Further, it is an object of the present disclosure that personal information data should be managed and processed to minimize the risk of inadvertent or unauthorized access or use. Once the data is no longer needed, risk can be minimized by limiting the data collection and deleting the data. In addition, and when applicable, included in certain health-related applications, the data de-identification may be used to protect the privacy of the user. De-identification may be facilitated by removing specific identifiers (e.g., date of birth, etc.), controlling the amount or specificity of stored data (e.g., collecting location data at a city level instead of at an address level), controlling how data is stored (e.g., aggregating data among users), and/or other methods, as appropriate.
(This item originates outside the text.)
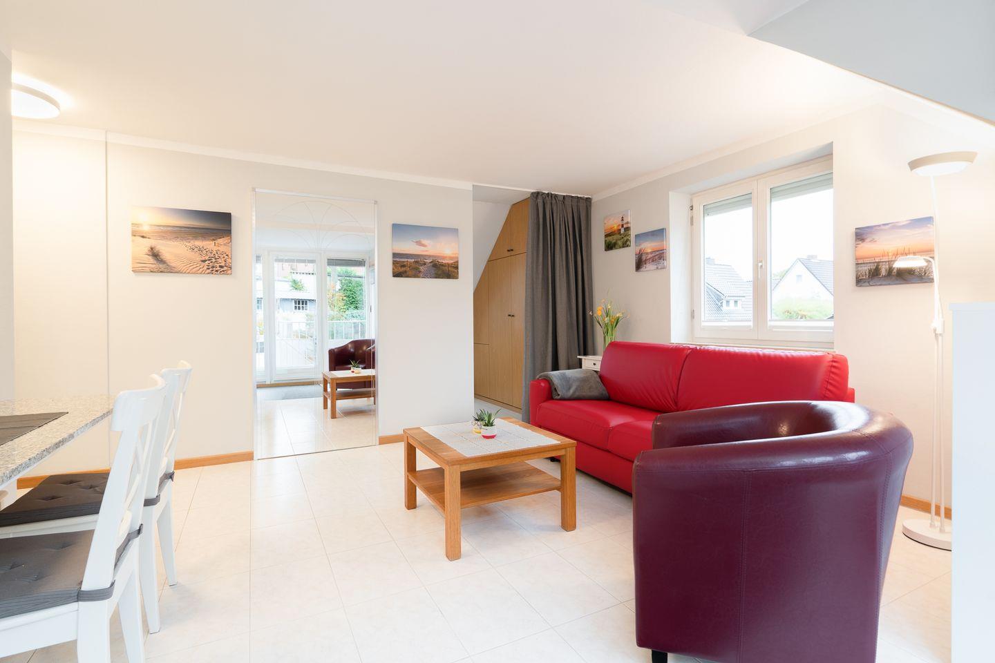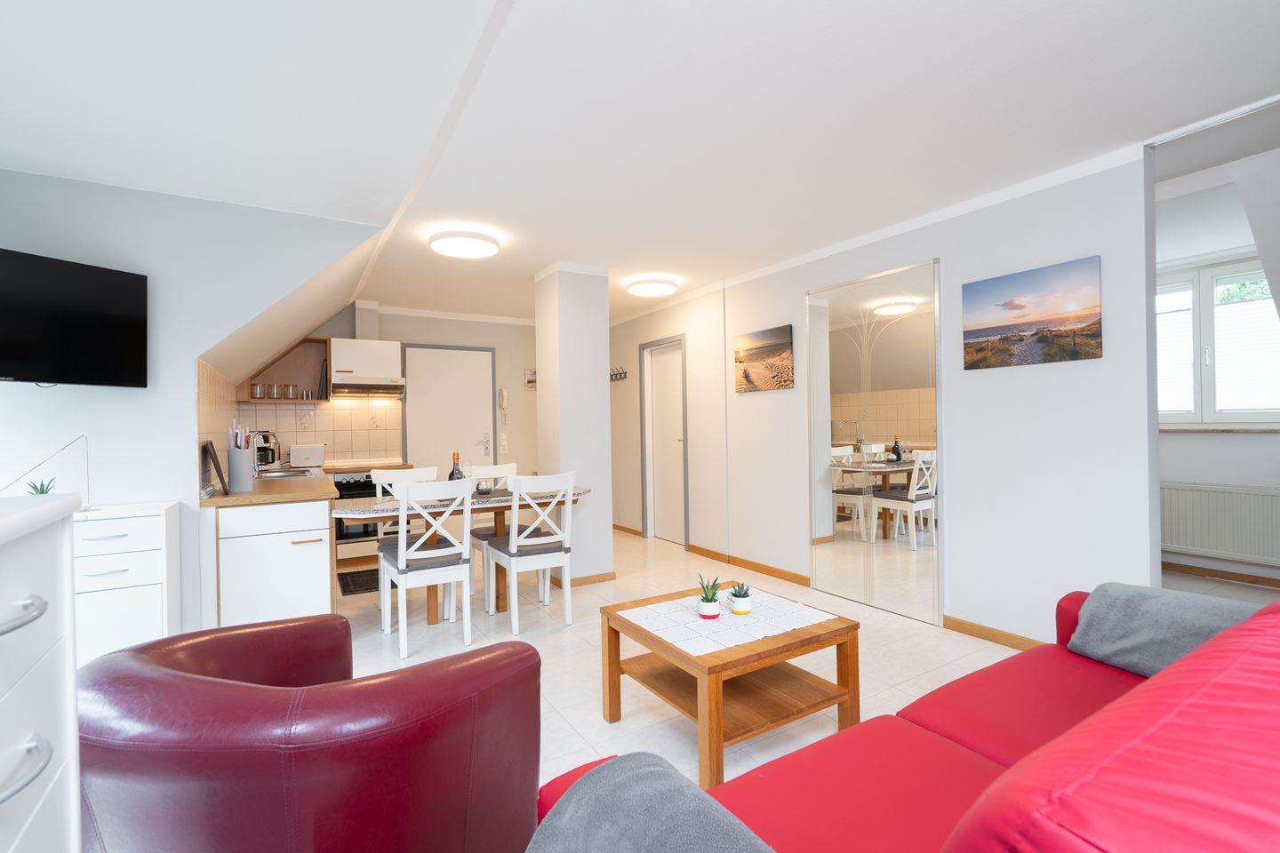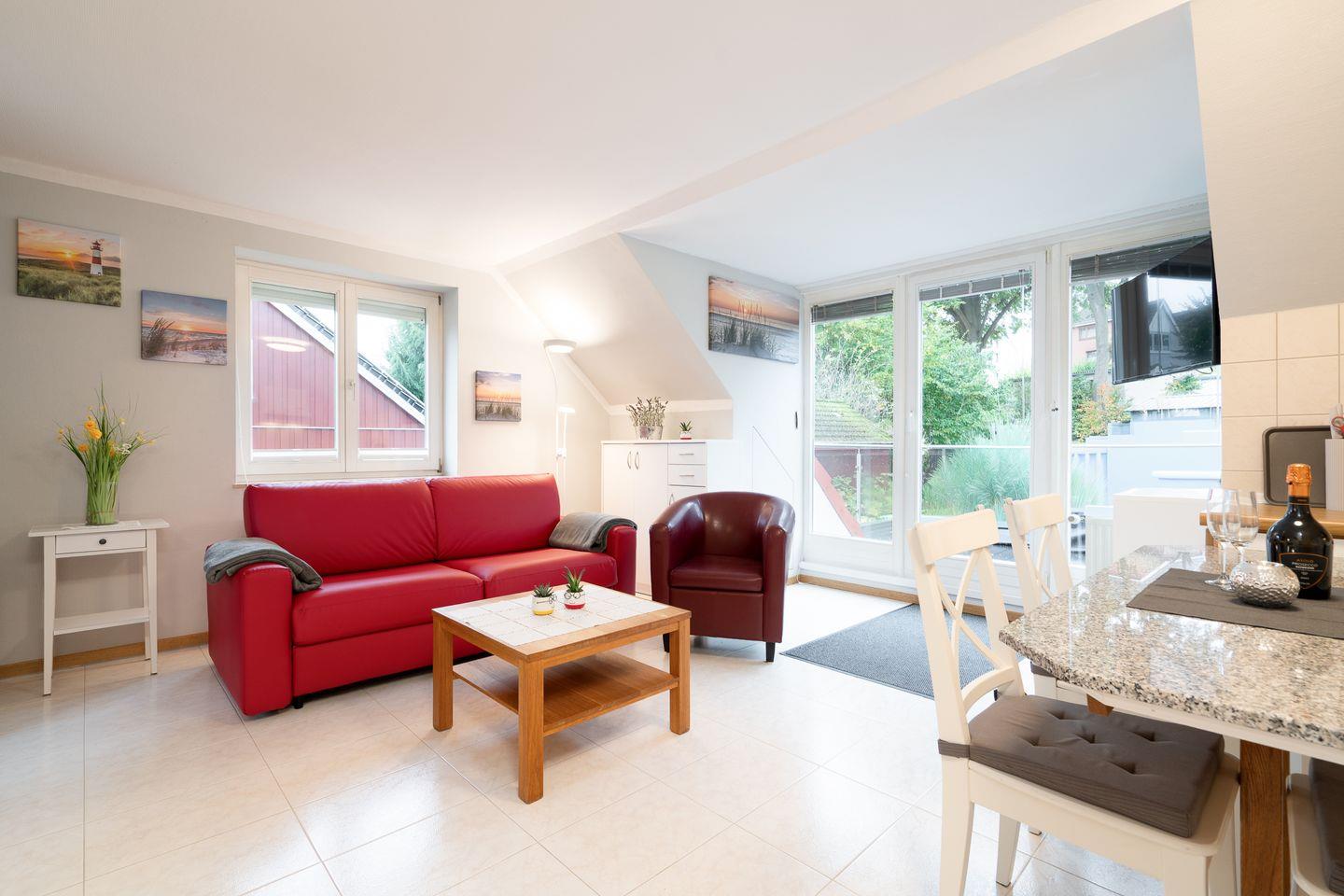 Das gemütliche Appartement Vittoria in Scharbeutz bietet auf ca. 45 m² Platz für bis zu 3 Personen und liegt nur rund 300 Meter vom Ostseestrand entfernt. Die Wohnung befindet sich im 1. Obergeschoss eines gepflegten Hauses und überzeugt durch ihre helle, freundliche Atmosphäre, klare Strukturen und den Zugang zu einer großen Dachterrasse (ca. 30 m²) mit wunderschönem Gartenblick – perfekt für entspannte Stunden an der frischen Ostseeluft.

Thus, while the present disclosure broadly covers the use of personal information data to implement one or more of the various disclosed examples, the present disclosure also contemplates that the various examples may also be implemented without accessing such personal information data. That is, various examples of the disclosed technology do not fail to function properly due to the lack of all or a portion of such personal information data. For example, content may be selected and delivered to a user by inferring preferences based on non-personal information data or absolute minimum amount of personal information such as content requested by a device associated with the user, other non-personal information available to a system for virtual object placement based on a reference expression, or publicly available information.